And speaking of Carmine--so much nicer and helpful than anyone else, he's got a "cheat sheet" for the subway. It's got a bunch of frequently asked for spots and tells you which trains to take to get there (we went to Ellis Island). Ask at the concierge desk for it--it saved the day for us. 

Well, I know this was a bit rambling, but I hope it was helpful. Have fun on your trip (despite the new fees)!

Heidi


----------



## Kevin

*Less than 60 days!*

*Thank you to all who have contributed! *  Just an update...

We are now trying to decide on which play to attend.  We are thinking about *Wicked*... *The Producers*... *Hairspray* or *Rent*.  Any comments on these or others?  We may go to two.

We've also come to the conclusion that we we'll probably eat more than we would on a cruise!   We are not looking for fancy "upscale" dining.  I'll be looking for pizza, pastrami, soul food, a good hot dog stand and desserts! :whoopie:    

Also, though we won't miss a trip to the Empire State Building, what are your thoughts on the TOTR?

TIA  

( anybody else ever wonder why there were so many TUG members named "TIA" before finally getting it?  Maybe it was just me. )

Kevin


----------



## Karen G

*Re: Less than 60 days!*



			
				Kevin said:
			
		

> Also, though we won't miss a trip to the Empire State Building, what are your thoughts on the TOTR?
> 
> TIA


Okay, I know what TIA stands for (thanks in advance), but what is TOTR?

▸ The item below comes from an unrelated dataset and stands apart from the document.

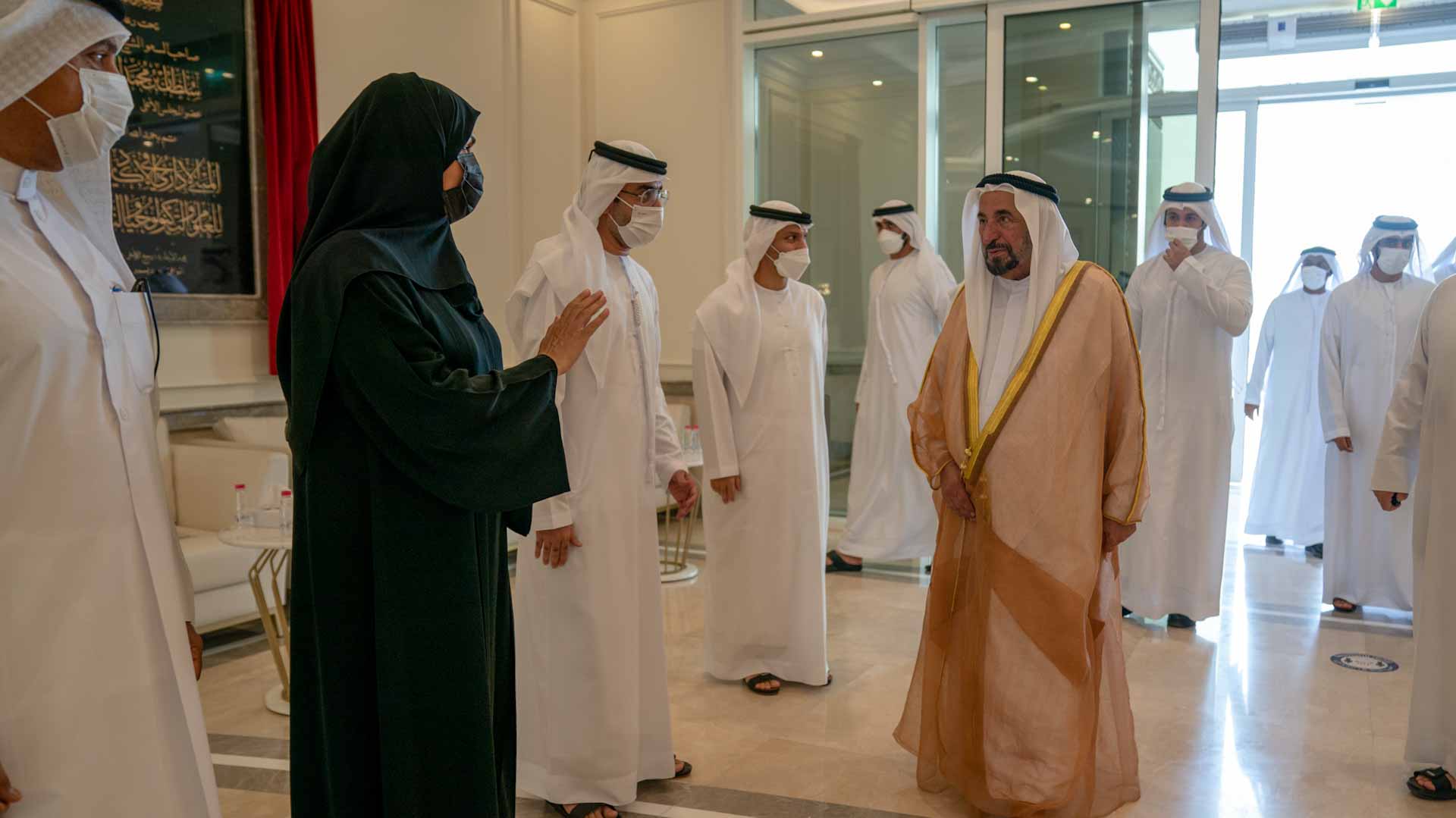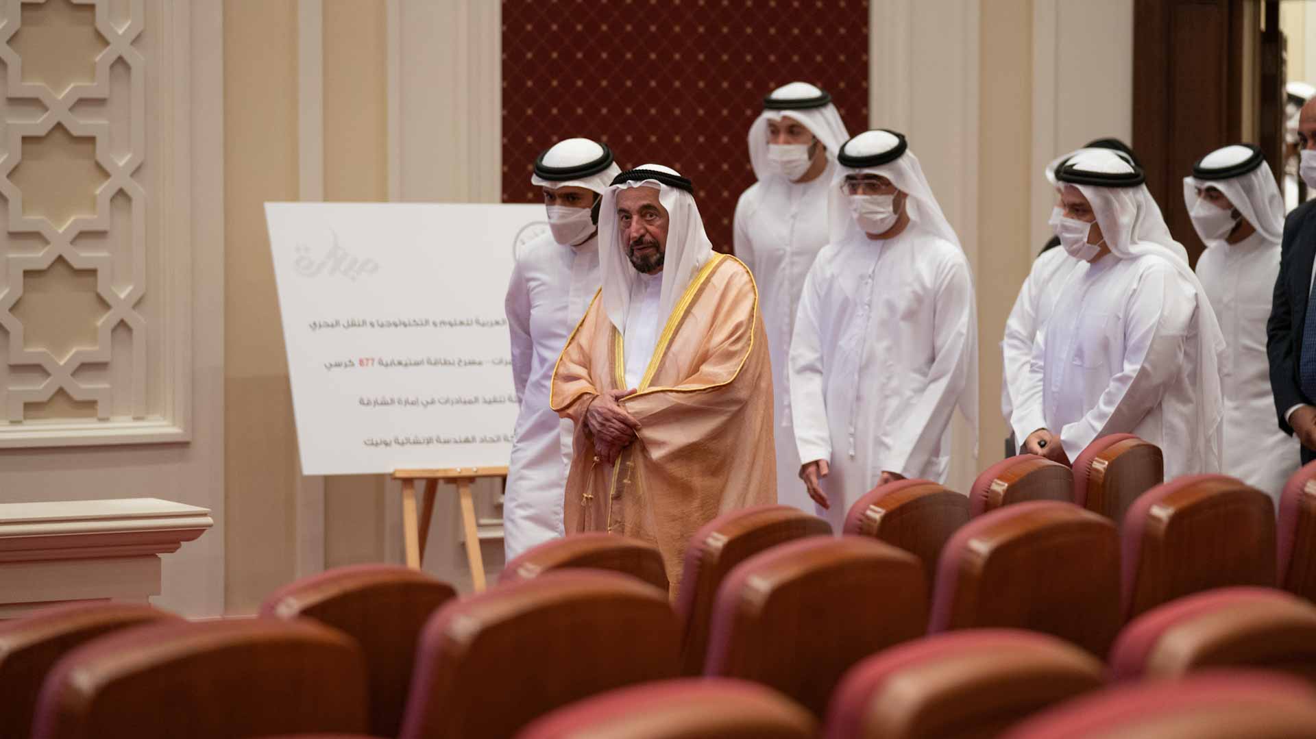 Sharjah Ruler was accompanied during the visit by Sheikh Khalid bin Abdullah Al Qasimi, Chairman of the Sharjah Ports, Customs and Free Zones Authority, Dr. Mansour bin Nassar, Head of the Legal Department of the Government of Sharjah, Engineer Salah bin Butti Al Muhairi, Head of the Initiatives Implementation Authority "Mubadara", Mohammed Obaid Al Zaabi, Head of the Protocol and Hospitality Department, and Dr. Muhadtha Al Hashemi, Chairman of the Sharjah Private Education Authority, and Dr. Hashem Abdullah Al Zaabi, Director of AASTMT in Sharjah.
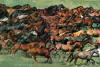 Thanks to this canine onslaught, one week in August was declared “Ken-L-Ration Week” and more than four million dogs were being fed horse meat via 150,000 stores across the nation. Chappel’s network expanded rapidly into a wide-open market and Ken-L-Ration became an international power in the dog food business. The Rockford plant covered 23 acres, employed 600 men, was posting a profit of $500,000 a year and had soon drained the Midwest of every available horse. “When Chappel got done around here, it was as dry of horse flesh as a rum bottle on a navy boat. That’s when he turned to mustang meat.” Unless you’re 150 years old, you probable don’t recall how long America has had a love-hate relationship with mustangs. Cattlemen in particular loathed the sight of feral horses, which consumed range grass and drank precious water. As early as 1824 the problem was so great the government held round-ups to kill unbranded horses. When gold was discovered in California in 1849, cattle increased in value, so thousands of wild horses were driven off the Santa Barbara cliffs into the sea.

Of the plays you mentioned, I can highly recommend Hairspray. It's the only one of the four I've seen, but I've seen it three times both on Broadway and when it debuted in Seattle.  It's so much fun.


----------



## Kevin

*Re: Less than 60 days!*



			
				Karen G said:
			
		

> Okay, I know what TIA stands for (thanks in advance), but what is TOTR?



I'm sorry... Top Of The Rock ( Rockefeller Center ).

K


----------



## wauhob3

*Re: Less than 60 days!*

I have seen all but The Producers from your list. They are all excellent. Rent is edgy and has great songs, Wicked has great songs and girls especially enjoy it and Hairspray is funny. Wicked tickets would be hard to get if you are going in just 60 days and is the one in most demand.


----------



## Hoc

*Re: Less than 60 days!*



			
				Kevin said:
			
		

> * I'll be looking for pizza, *


John's, Ray's or Grimaldi's



			
				Kevin said:
			
		

> *pastrami, *



Katz's Deli (I hear Second Avenue Deli, which was a local favorite, closed.  And Ben's, which is one of bigfrank's favorites, is out in Queens, so you'd have to leave Manhattan.  Many say that Langer's in Los Angeles makes a better pastrami sandwich than anywhere in New York, and I might actually agree.  But, there's something about going to the source, and I think Katz's is the best in Manhattan.)



			
				Kevin said:
			
		

> *soul food, *



Amy Ruth's



			
				Kevin said:
			
		

> *a good hot dog stand *



Nathan's in Coney Island or Gray's Papaya in Manhattan.  Others say the hot dogs at Katz's are good.  Or you might just get one off a street cart.



			
				Kevin said:
			
		

> *and desserts! *




Serendipity 3 for Frozen Hot Chocolate or Peanut Butter Hot Fudge Sundae; Carnegie Deli's Cheesecake is very tasty; Lindy's which "invented" cheesecake as we know it today, is now fairly uninspired; Lemon Cupcakes (or possibly any of the other "comfort food"-type desserts) at Sugar Sweet Sunshine Bakery; Rugalah at Sam Ash's Deli; Chocolate Souffle at One if By Land, Two if By Sea for a splurge.

For other sweets, the Noodle Kugel at Yonah Schimmel's Knishes is also quite good, as are the blintzes at Stage Deli.  Some of the bakeries in Little Italy make awfully good cannoli and other Italian pastries/sweets.


----------



## Hoc

*Re: Date change... AGAIN!*



			
				Kevin said:
			
		

> What activities can we add to our list, now that the weather will be warmer?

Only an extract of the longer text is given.